* [Task item] Without the pictures, copy all of the data exactly.

* [Supplied data]
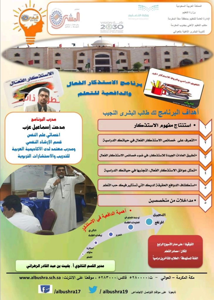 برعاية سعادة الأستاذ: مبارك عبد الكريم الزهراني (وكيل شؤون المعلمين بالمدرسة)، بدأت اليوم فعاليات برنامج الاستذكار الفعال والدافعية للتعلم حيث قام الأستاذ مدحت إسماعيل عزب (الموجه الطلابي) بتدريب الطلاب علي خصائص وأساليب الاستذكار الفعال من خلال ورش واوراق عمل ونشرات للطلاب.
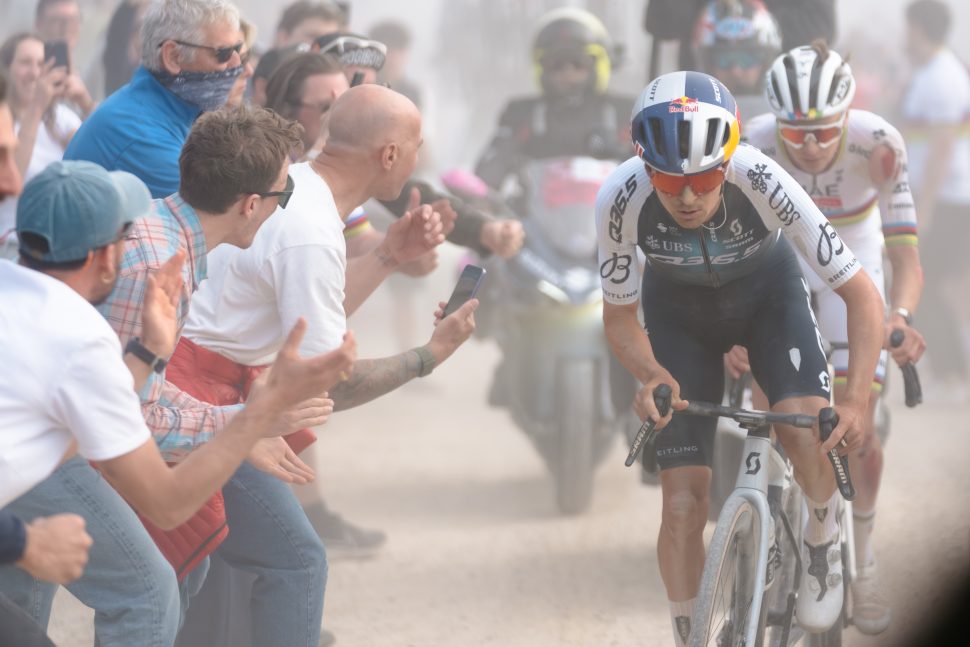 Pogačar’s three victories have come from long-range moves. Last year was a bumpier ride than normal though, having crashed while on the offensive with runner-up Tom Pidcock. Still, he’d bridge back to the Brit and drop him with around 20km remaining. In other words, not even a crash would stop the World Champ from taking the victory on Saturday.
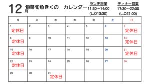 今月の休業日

* [Written response]
 برعاية سعادة الأستاذ: مبارك عبد الكريم الزهراني (وكيل شؤون المعلمين بالمدرسة)، بدأت اليوم فعاليات برنامج الاستذكار الفعال والدافعية للتعلم حيث قام الأستاذ مدحت إسماعيل عزب (الموجه الطلابي) بتدريب الطلاب علي خصائص وأساليب الاستذكار الفعال من خلال ورش واوراق عمل ونشرات للطلاب.
 Pogačar’s three victories have come from long-range moves. Last year was a bumpier ride than normal though, having crashed while on the offensive with runner-up Tom Pidcock. Still, he’d bridge back to the Brit and drop him with around 20km remaining. In other words, not even a crash would stop the World Champ from taking the victory on Saturday.
 今月の休業日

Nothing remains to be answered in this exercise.